According to The Hill, legal experts say that hearings on hot-button issues like abortion and religious freedom may have to wait a few years until the heat on Kavanaugh blows over.
“Depending on what happens with the rest of confirmation process, the court might feel kind of battered and like it needs to take things more slowly,” said Nicole Saharsky, a partner at the D.C. firm Gibson Dunn at a Georgetown Law panel discussion.
That course of action would fit in line with Justice Roberts’ character of keeping the Supreme Court apolitical. Irv Gornstein, executive director of Georgetown’s Supreme Court Institute, concurs with that assertion.
“I think he would be concerned that a series of 5-4 rulings, in which the five are Republican-appointed justices and the four are Democrat-appointed justices, would threaten to destroy that perception of the court,” he told The Hill in an email. “I don’t think the Chief Justice wants to be remembered as the Chief Justice who presided over the court at the time that the public lost faith in the court, and began to regard it as just another partisan institution.”
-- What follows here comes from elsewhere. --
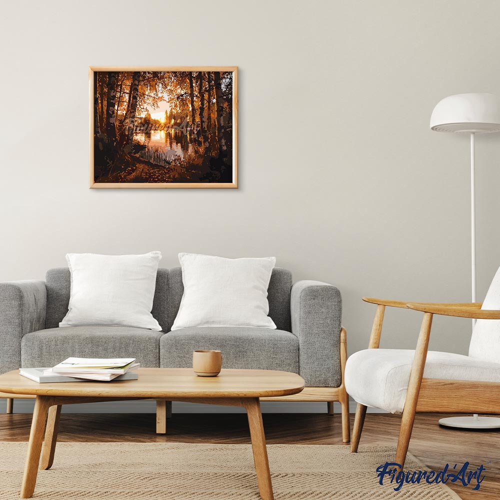 Pintar por numeros Figured'Art - Lago de Abedules Dorados

While Roberts may wish to hold on the big cases, he is just one vote of nine. For the court to hear a case, only four votes are needed. Should Kavanaugh be confirmed, the conservative wing will hold the majority with five justices. That doesn’t mean Kavanaugh won’t side with Roberts in his quest to keep the waters calm.
Donald Verrilli Jr., who served as solicitor general under former President Obama, said that if the court moves at a slower pace, a blockbuster case may have to wait five years.
“The question of what’s going to be on the docket isn’t always 100 percent in the control of the justices or even the chief justice,” he said, while speaking at Georgetown Law this week. “I think, for example, marriage equality — that issue got to the court faster I think than most members of the court would have preferred in the wake of Windsor. I anticipate that’s going to be true about abortion also.”